"There's a lot of things I can no longer do," she says. "I'm 57. I used to be a head cheerleader. I used to do back flips and splits. I can't do that anymore. OK, so Alzheimer's people can't do certain things. That's the way it is."
She and the staff, along with an increasing number of professional caregivers, have come to think of the disturbing behaviors often associated with Alzheimer's--restlessness, agitation and combativeness--not as natural consequences of the disease but as unmet needs. It's almost a mantra for them: Behaviors are unmet needs. "Everyone needs to be loved. Everyone needs to be needed. And everyone needs human touch," says Stuart-Clark. "It doesn't matter how old you are, or if you have a disease, or if you remember your name."
We're sitting in the cheerfully landscaped indoor courtyard of the care facility. Stuart-Clark interrupts herself to call out to Duffy, who is wheeling Vernita down a path toward us. Duffy, a jovial man in his early 80s, does not have Alzheimer's. Vernita, his wife of 61 years, does. She is a sweet-faced woman who often cradles a plastic doll and seldom speaks. Duffy sees her every day and talks with her every night.

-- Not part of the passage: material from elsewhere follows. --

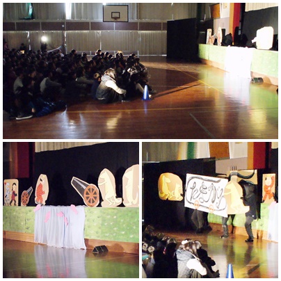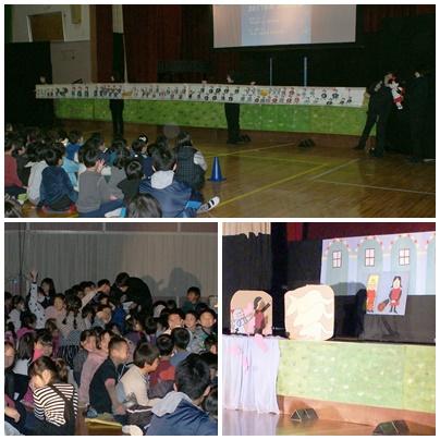 ZOOお楽しみ会 公開日 2017/12/13 更新日 2017/12/13 学校の様子 ZOOのお母さん方による「ZOOお楽しみ会」がありました。今年はちょうど20回目の開催となります。出し物は、「たこきちとおぼうさん」の読み聞かせと「もっとおおきなたいほうを」のペープサートです。お母さん方の熱演に子どもたちは大喜びでした。ZOOの皆さん、楽しい時間をありがとうございました。

"Vernita, you look beautiful today," Stuart-Clark says, reaching out to stroke her arm. "That blouse is the most gorgeous color. Look at how it brings out your eyes." Vernita smiles. Stuart-Clark gives her a hug. Duffy's hands rest on his wife's shoulders for a moment. He smiles too. Then he wheels her back toward her room.
"All those cliches about 'days are only a series of moments' and 'carpe diem,' well, they're true," says Stuart-Clark. "That's really all there is for any of us, those moments. And that's how Alzheimer's people live, in the moment and from moment to moment. And you know, when I'm here, that's how I live too."
I next visit neighborhood 4, another section with "high-functioning" residents. This is where Kate lives. She was one of the original Rockettes at Radio City Music Hall. Back then, she was a Lucille Ball redhead with a perfect oval face, a tiny waist and the requisite shapely legs. Kate was married to Tony, a skinny Sinatra look-alike who played trombone in Vaughn Monroe's orchestra. Tony was a hail-fellow-well-met kind of guy, a partyer, a big drinker, a lot of laughs. They were married for 45 years. But Tony has been gone for 15 years, and Kate, now a tiny, wispy-haired woman in her mid-80s, has another man in her life, also named Tony.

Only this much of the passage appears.